> MATERIAL PROVIDED:

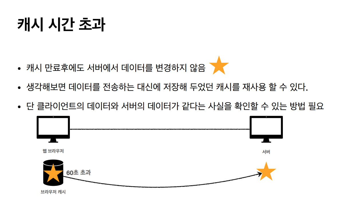 - 캐시 유효 시간이 초과해도, 서버의 데이터가 갱싱되지 않으면
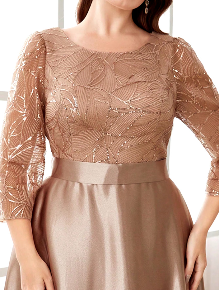A Linie Langarm Maxikleid Elegant für Hochzeitsgäste in Champagne mit Rundhals Ausschnitt
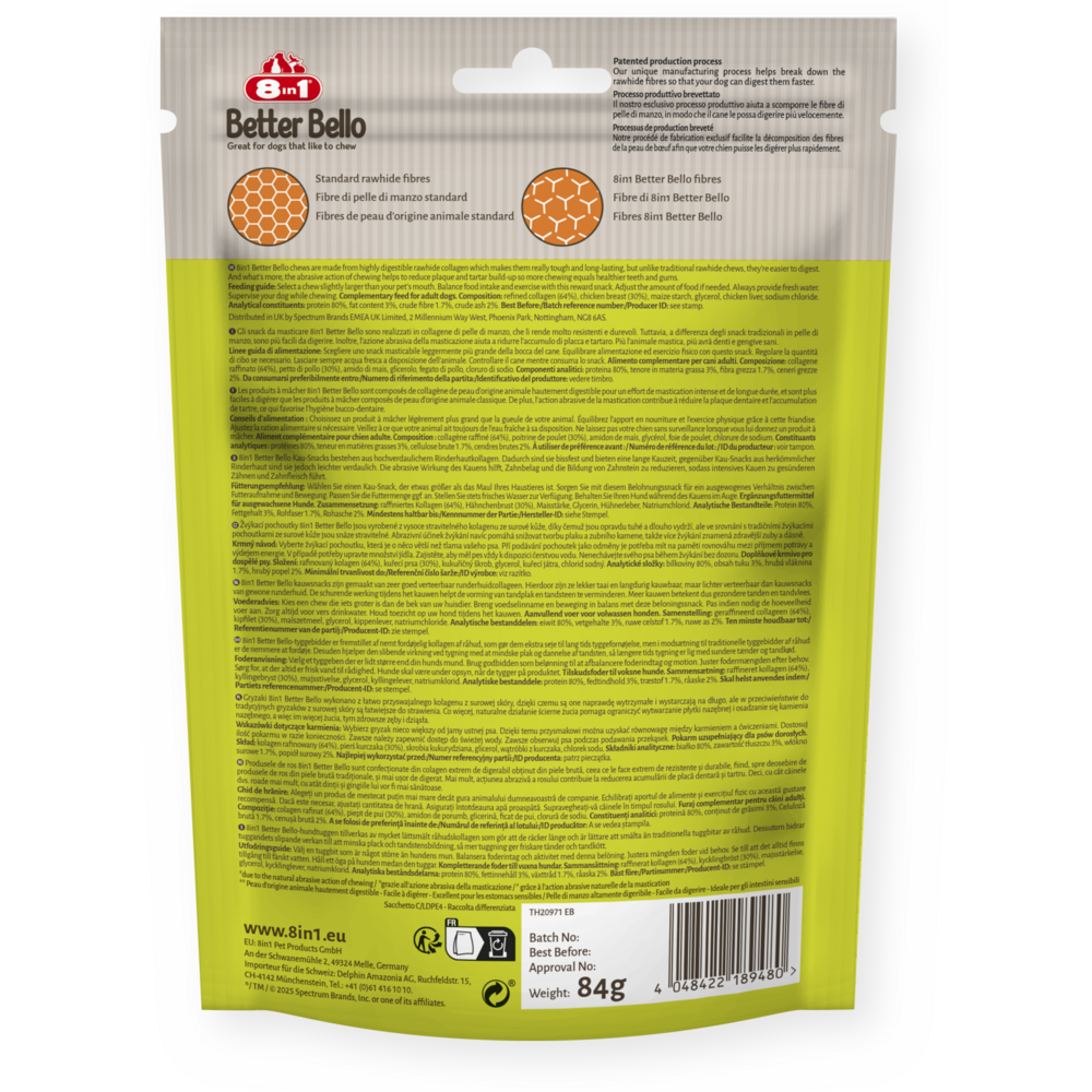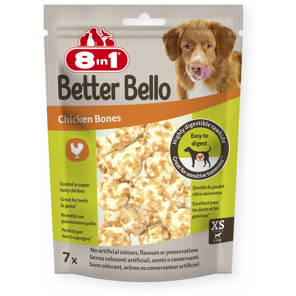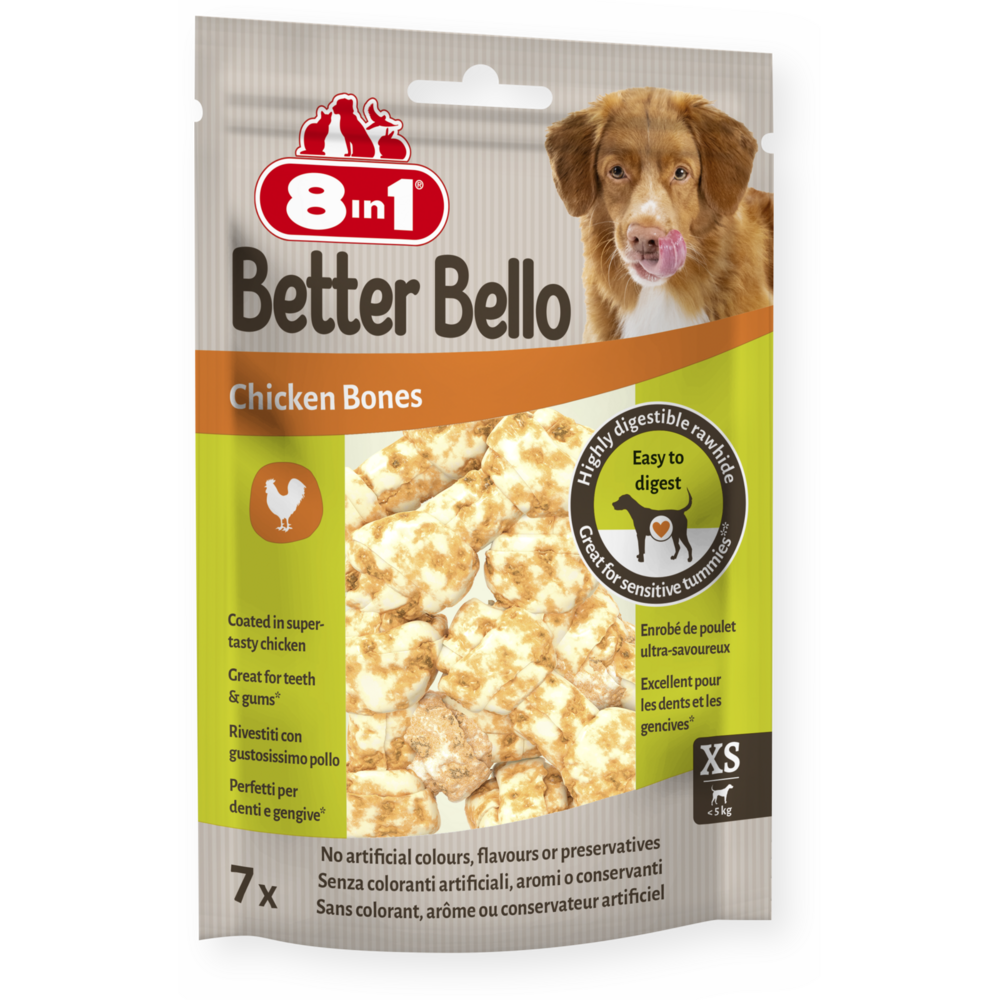 Kuřecí kosti 8v1 Better Bello Chicken Bones XS jsou vyrobené z vysoce stravitelného kolagenu ze surové kůže. Díky tomu jsou opravdu odolné a dlouho vydrží, ale na rozdíl od tradičních žvýkacích pochoutek ze surové kůže jsou lépe stravitelné, a proto jsou skvělé pro citlivé zažívání. A co víc, abrazivní účinek žvýkání pomáhá snižovat tvorbu zubního plaku a kamene, takže více žvýkání znamená zdravější zuby a dásně. Jsme hrdí na to, že používáme jen ty nejlepší suroviny a staráme se o to, aby naše pochoutky Chicken Bones XS neobsahovaly žádná umělá barviva, příchutě ani konzervační látky. Díky vysokému obsahu bílkovin a nízkému obsahu tuku nabízejí tyto kosti dlouhotrvající požitek a žvýkání bez pocitu viny. Dopřejte svému chlupatému mazlíčkovi naše zdravé žvýkací pochoutky a nechte ho vychutnat si jejich lahodnou chuť.
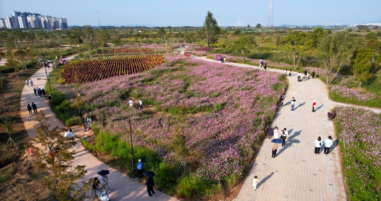 ▲ 나주시가 오는 9월 9일 영산강 정원 시민설명회를 개최한다. 사진은 영산강 정원 코스모스 & 댑싸리 꽃단지 |
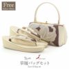 成人式や結婚式での振袖や卒業袴に合わせていただける草履バッグセットです。 わずかな機会でも新品の草履バッグセットですがすがしくお出かけしていただけるよう、お手頃価格でご用意いたしました。 落ち着いた小豆色を基調に、煌めくベージュゴールドやグレーなどのお色で、丁寧に織り出されたユリ文様が優雅に広がります。 金銀糸の輝きが意匠を際立たせ、特別な日の装いを華やかに引き立てます。 ■バッグはコンパクトながら、小ぶりなお財布やスマートフォン・ハンカチや口紅などの手放せない手荷物が入る収納力があり、お祝いの席にもぴったりな洗練されたデザイン。 口金タイプで開閉しやすく、実用性にも優れています。 ■草履は艶を抑えた上品なシャンパンゴールドの草履台にバッグと共布の鼻緒を添え、上品で統一感のあるコーディネートを演出。 2枚芯の程よい高さで安定感もあり、クッション性のある柔らかな履き心地で長時間のご着用も安心です。 華やかな装いを楽しみたい日のおともに、ぜひお手に取っていただきたい草履バッグセットです。
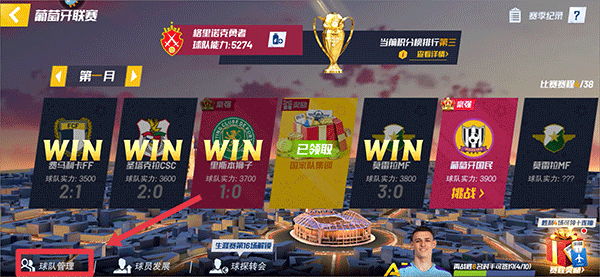 3、于联赛界面里,点击左下角的球队管理。
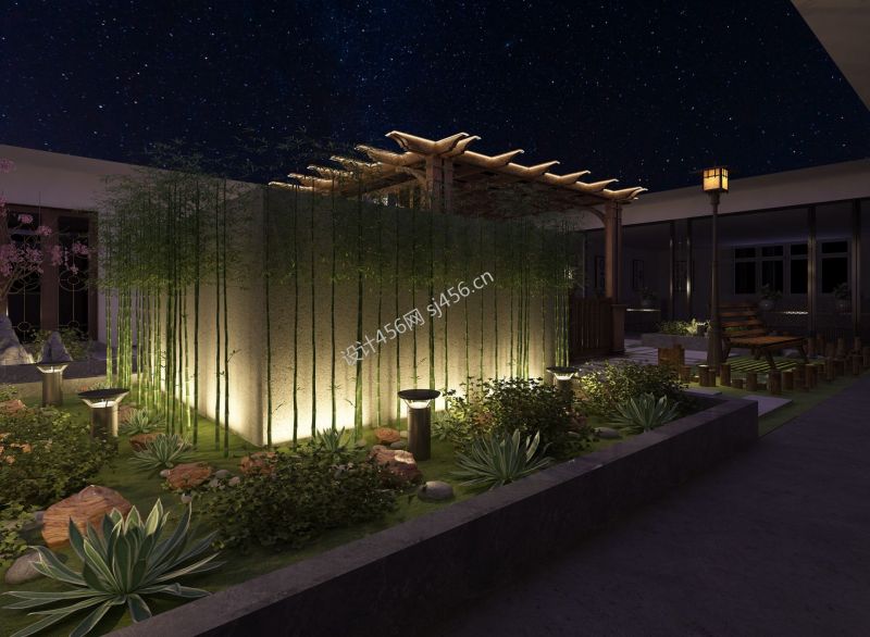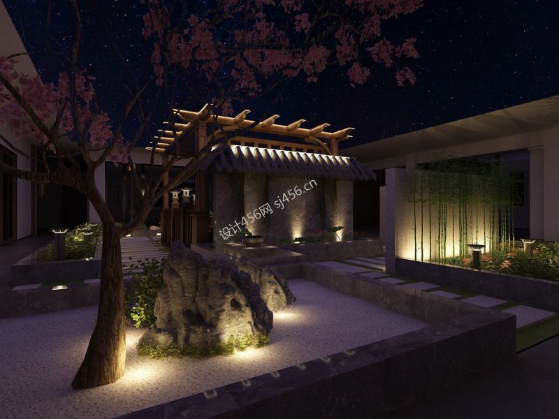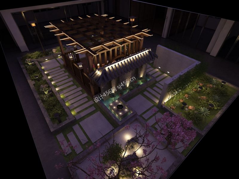 中山市量石装饰 古镇250平米园林案例 天台园林混搭设计

> REQUIREMENT:
Retype the listing exactly. Leave out its pictures.

> EXERCISE SOLUTION:
 - 캐시 유효 시간이 초과해도, 서버의 데이터가 갱싱되지 않으면
A Linie Langarm Maxikleid Elegant für Hochzeitsgäste in Champagne mit Rundhals Ausschnitt
 Kuřecí kosti 8v1 Better Bello Chicken Bones XS jsou vyrobené z vysoce stravitelného kolagenu ze surové kůže. Díky tomu jsou opravdu odolné a dlouho vydrží, ale na rozdíl od tradičních žvýkacích pochoutek ze surové kůže jsou lépe stravitelné, a proto jsou skvělé pro citlivé zažívání. A co víc, abrazivní účinek žvýkání pomáhá snižovat tvorbu zubního plaku a kamene, takže více žvýkání znamená zdravější zuby a dásně. Jsme hrdí na to, že používáme jen ty nejlepší suroviny a staráme se o to, aby naše pochoutky Chicken Bones XS neobsahovaly žádná umělá barviva, příchutě ani konzervační látky. Díky vysokému obsahu bílkovin a nízkému obsahu tuku nabízejí tyto kosti dlouhotrvající požitek a žvýkání bez pocitu viny. Dopřejte svému chlupatému mazlíčkovi naše zdravé žvýkací pochoutky a nechte ho vychutnat si jejich lahodnou chuť.
 ▲ 나주시가 오는 9월 9일 영산강 정원 시민설명회를 개최한다. 사진은 영산강 정원 코스모스 & 댑싸리 꽃단지 |
 成人式や結婚式での振袖や卒業袴に合わせていただける草履バッグセットです。 わずかな機会でも新品の草履バッグセットですがすがしくお出かけしていただけるよう、お手頃価格でご用意いたしました。 落ち着いた小豆色を基調に、煌めくベージュゴールドやグレーなどのお色で、丁寧に織り出されたユリ文様が優雅に広がります。 金銀糸の輝きが意匠を際立たせ、特別な日の装いを華やかに引き立てます。 ■バッグはコンパクトながら、小ぶりなお財布やスマートフォン・ハンカチや口紅などの手放せない手荷物が入る収納力があり、お祝いの席にもぴったりな洗練されたデザイン。 口金タイプで開閉しやすく、実用性にも優れています。 ■草履は艶を抑えた上品なシャンパンゴールドの草履台にバッグと共布の鼻緒を添え、上品で統一感のあるコーディネートを演出。 2枚芯の程よい高さで安定感もあり、クッション性のある柔らかな履き心地で長時間のご着用も安心です。 華やかな装いを楽しみたい日のおともに、ぜひお手に取っていただきたい草履バッグセットです。
 3、于联赛界面里,点击左下角的球队管理。
 中山市量石装饰 古镇250平米园林案例 天台园林混搭设计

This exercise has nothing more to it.